> _TASK_: Print, word for word, the opening line of the data below and every line after it through the line that contains "Thời gian như", but not the pictures.
##### RECORDS FOR PROCESSING
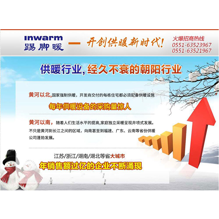 供暖行业,是经久不衰的朝阳行业。每年有1500亿的采购量,可以说是没有天花板的行业。黄河以北,国家强制供暖,房地产配套的供暖设备年采购额几百亿元以上;黄河以南,随着人们收入水平的提高,家庭独立采暖呈现井喷式发展,每年以40%左右的速度在增长,现在新房装修30%的业主都会考虑安装供暖,更有过去装修好的房子绝大部分没有安装供暖,随着人们消费水平的提高,这一块的明装供暖市场也是一块十分大的蛋糕。
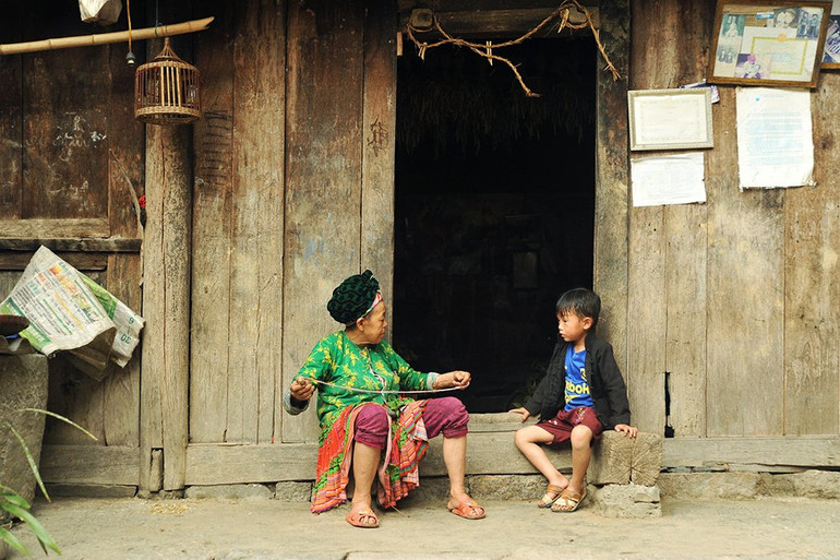 Thời gian như ngưng đọng nơi bậc thềm của hai bà cháu, như là lịch sử ngôi nhà hiển hiện trở lại ngay trước mắt.
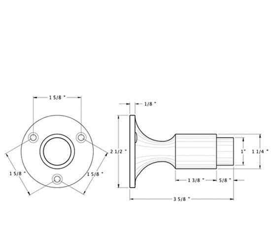 This door stop measures 3 5/8 inch tall. It also comes complete with the mounting screws. This style of door stop provides protection for the door by preventing it from banging against a wall causing damage to drywall or plaster and paint. This door stop is available in many designer finishes including Polished Brass, Antique Brass, Lifetime Polished Brass, Oil Rubbed Bronze, Flat Black, Polished Chrome, Brushed Nickel, Brushed Chrome, and Antique Nickel. Comes complete with the mounting hardware. The average lead time for this particular product is 3 to 5 Business Days.
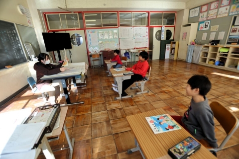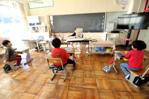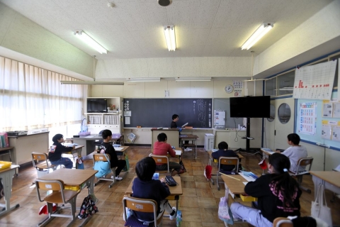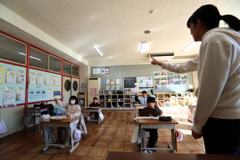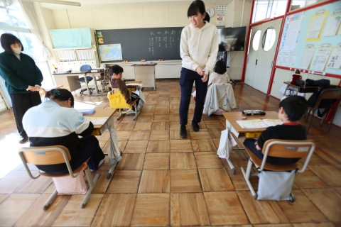 今日は、1年生が鉛筆の持ち方の練習と春の草花や虫を調べていました。少しずつ学校生活に慣れてきています。2年生は、国語「ふきのとう」で登場人物の気持ちを動作で表していました。3,4年生は、体育でジェンカを踊っていました。5年生は、1年生を迎える会のゲームを話し合っていました。6年生は書写で「きずな」の練習をしていました。みんな意欲的に学習に取り組んでいました。
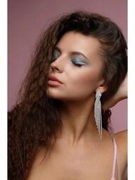 Серьги бижутерия длинные вечерние висячие женские блестящие большие сережки со стразами висюльки
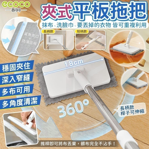 🌟【ecococ 原廠授權】洗臉巾拖把|一推即拆!懶人清潔神器💧環保升級版♻️
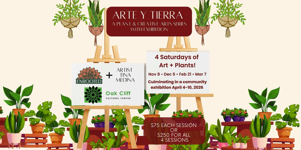 Welcome to Art & Soil, Arte Y Tierra! Join us at the Oak Cliff Cultural Center for a day filled with creativity and connection to the earth. The series of events celebrate the beauty of nature through various art forms, from painting to sculture. Come explore the intersection of art and soil with hands-on workshops, live demonstrations, and interactive exhibits. Whether you're an experienced artist or just looking to try something new, there's something for everyone at Art & Soil, Arte Y Tierra. Don't miss out on this unique opportunity to immerse yourself in the world of art and nature! Join one at $75 or all 4 at $250.
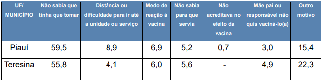 O estado foi o que concentrou o maior percentual de jovens que disseram desconhecer a necessidade da vacina. Entre as capitais, Teresina lidera esse índice: 55,8% dos jovens afirmaram não saber que precisavam se vacinar. Em seguida aparecem Salvador (54,4%) e Aracaju (53,9%).
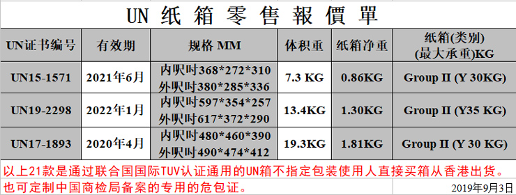 香港海運危險品紙箱 急速發(fā)貨
##########
> _ANSWER TO THE EXERCISE_:
 供暖行业,是经久不衰的朝阳行业。每年有1500亿的采购量,可以说是没有天花板的行业。黄河以北,国家强制供暖,房地产配套的供暖设备年采购额几百亿元以上;黄河以南,随着人们收入水平的提高,家庭独立采暖呈现井喷式发展,每年以40%左右的速度在增长,现在新房装修30%的业主都会考虑安装供暖,更有过去装修好的房子绝大部分没有安装供暖,随着人们消费水平的提高,这一块的明装供暖市场也是一块十分大的蛋糕。
 Thời gian như ngưng đọng nơi bậc thềm của hai bà cháu, như là lịch sử ngôi nhà hiển hiện trở lại ngay trước mắt.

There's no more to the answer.